This is a book I’ve been looking forward to reading for some time, as I supported it in advance on Unbound. Robert Wringham is a writer, performer, and editor of the New Escapologist. His advocates a free and simpler lifestyle, and his book is all about escaping from work, consumerism, and despair.
Why would you want to escape? Because on average we will each spend 87,000 hours at work. That’s more of our lives than many of us are prepared to give, especially in a job that we don’t particularly believe in, or that doesn’t seem socially useful. Our timetables are decided in advance, and we have limited freedom to travel and see the world. Being tied to one place, we seek our consolation in earning and spending, acquiring a houseful of trinkets. Those, in turn, keep us in place: we have to keep earning to pay the mortgage, and now we have all this stuff to move around.
This, says Wringham, is a trap. And the thing to do with a trap is to escape it, preferably with flair and panache, like Harry Houdini.
The book begins by examining the things that deprive us of our freedom – work, consumerism, bureaucracy, and our own brains, which so often work against our better intentions. Then Wringham explores the things that actually lead to a good life, the true sources of satisfaction, and what life might look like if we were to spring the trap and pursue those instead.
Finally, we get to escape routes. The ideal is not, as the sceptics might suppose, to be a sponger or layabout, nor to win the lottery and live a life of affluent ease. The aim is to be master of our own lives, to do the work we choose rather than the work we feel forced into. That may involve a well chosen job or a part-time occupation, freelancing or being self sufficient. And it will also involve cutting back our expenditures.

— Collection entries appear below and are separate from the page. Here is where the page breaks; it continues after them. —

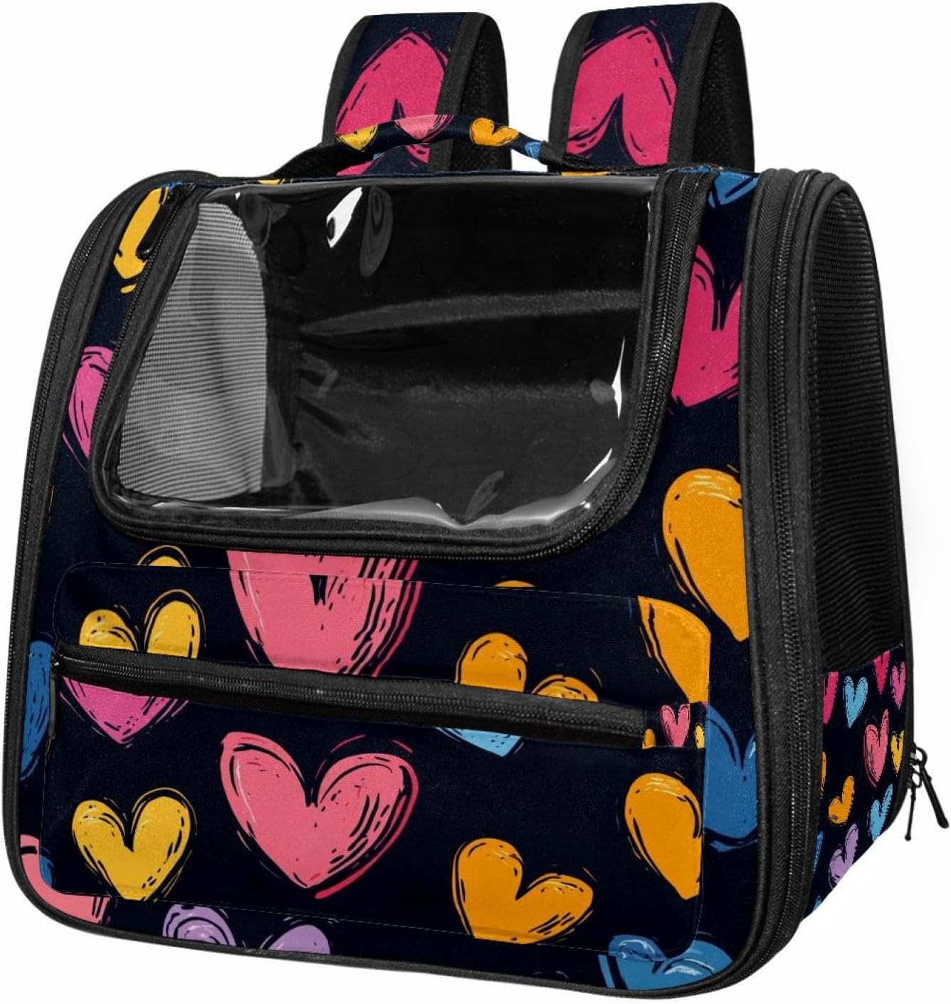 Well made: Cat Backpack Carrier is made from 900D oxford fabric, pp webbing, velvet, nylon, which is very sturdy, environmentally friendly and breathable. Not easily scratched by pet’s claws, pet backpack carrier is SAFETY & ANTI-SCRATCH. The back padding will give you a comfortable and breathable experience. Ventilated Backpack: With a breathable window in the front, this pet backpack allows cats to enjoy the sun without feeling stuffy. There are two side pockets and one big front pocket, and you can take foods or toy for your kitten pet. It is big enough for cat to turn around, and there are side pockets and hook holes, you will enjoy the greatest convenience when taking your cat out. Perfect size: Cat carrier is 15.75x9.84x13.78in/40x25x35cm. Fits most small/medium sized cat, dog, and pet. Quality fleece bed provide a comfortable place for your pet. Lightweight and easy to carry to all places. Built-in harnesses keep your naughty friends from escaping. Removable cosy mat for easier cleaning and let your pet enjoy it inside. Easy to carry: The adjustable shoulder strap of pet carrier bag help you hands-free carrying and makes it the most safe and convenient pet carrier bag for your travel. Seat belt design provide pets with safety protection throughout the trip. Pad protection keep your pets comfortable during travel. Unique Design: Innovative inside graphic design gives you a stereoscopic 3D visual experience. You also send us the photos you interest to make your unique dog or cat carrier. Pet bag is also a amazing gift for pet lover.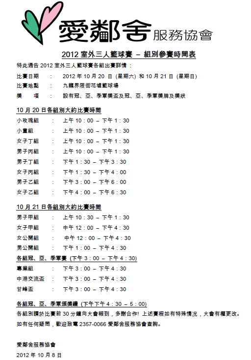 2012年室外三人籃球賽是愛鄰舍服務協會與耳聽心言基金合辦,連續兩天賽事,籌得款項將撥作慈善用途,幫助青海智障孤兒。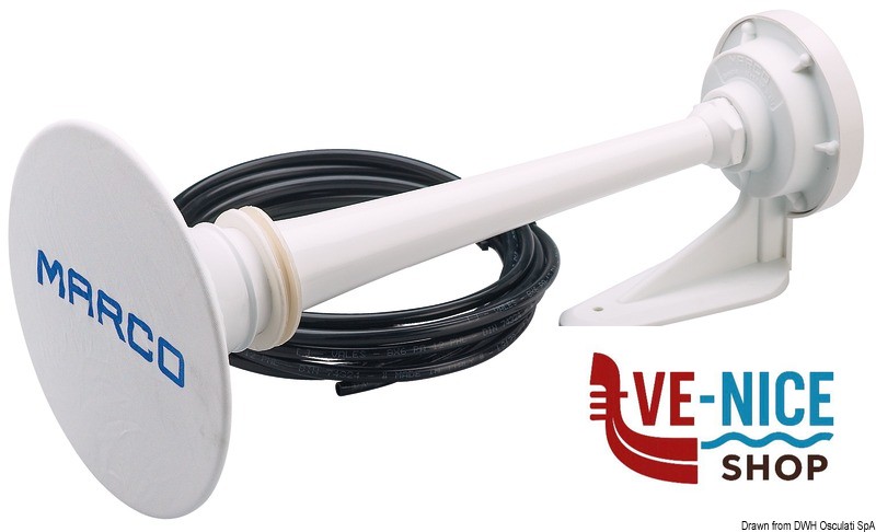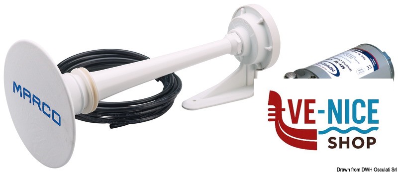 Avvisatori acustici Trombe da appoggio e megafoni Tromba MARCO in ottone con compressore Omologate RINA. per imbarcazioni da diporto oltre 12 m e imbarcazioni da lavoro (pescherecci o simili) da 12 a 20 m. Complete di compressore e accessori per il montaggio.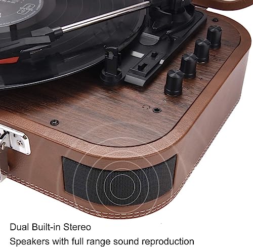 VOKSUN Giradischi, Giradischi Vinili Bluetooth Vintage con 33/45/78 RPM, Giradischi con 2 Casse Integrate, Giradischi Vinili Vintage, RCA/Aux/USB/LP, Design Valigia, Giradischi Vinile (Marrone Chiaro)

That’s where the book is perhaps most subversive. Many people, when asking how they can get away without working, naturally ask how much they will need to live on. Wringham is more interested in how little we need to live on. “When you have half the desire of the average person you become twice as rich. If we want to make enough money to escape with a reasonable standard of comfort, we need to reconsider the values typically instilled into the worker-consumer.”
That means avoiding debt at all cost. Wringham lives alternately between Montreal and Glasgow, so he recommends minimalism to remain footloose and free to move. “Western culture has an acquisitive bent to it” he writes. “You’d do well to quash this desire.” Fundamentally, it’s a mindset. We’ll need to put aside competitive comparisons, social pressure to ‘get a proper job’, and silence our own status-seeking egos. That means there’s a degree of practice and discipline to escapology, as Houdini could attest.
Escape Everything is funny, tongue-in-cheek, but also wise and practical, with Wringham leading by example. There’s a social and environmental awareness to the book too. Though the focus is on freedom, there’s no doubt that ducking out of full time work is one of the most powerful responses to consumerism. As Wringham says, “quitting your job could be one of the most radical things you ever do.”
I really enjoyed Escape Everything. To me it feels like Wringham and I are preaching the same sermon, though Rob’s approach is more artful and entertaining. There are all sorts of things we can and should do to create a fairer and more sustainable world. But as the book says, “until society changes to facilitate a good life for all, we have escapology to get us there as individuals.”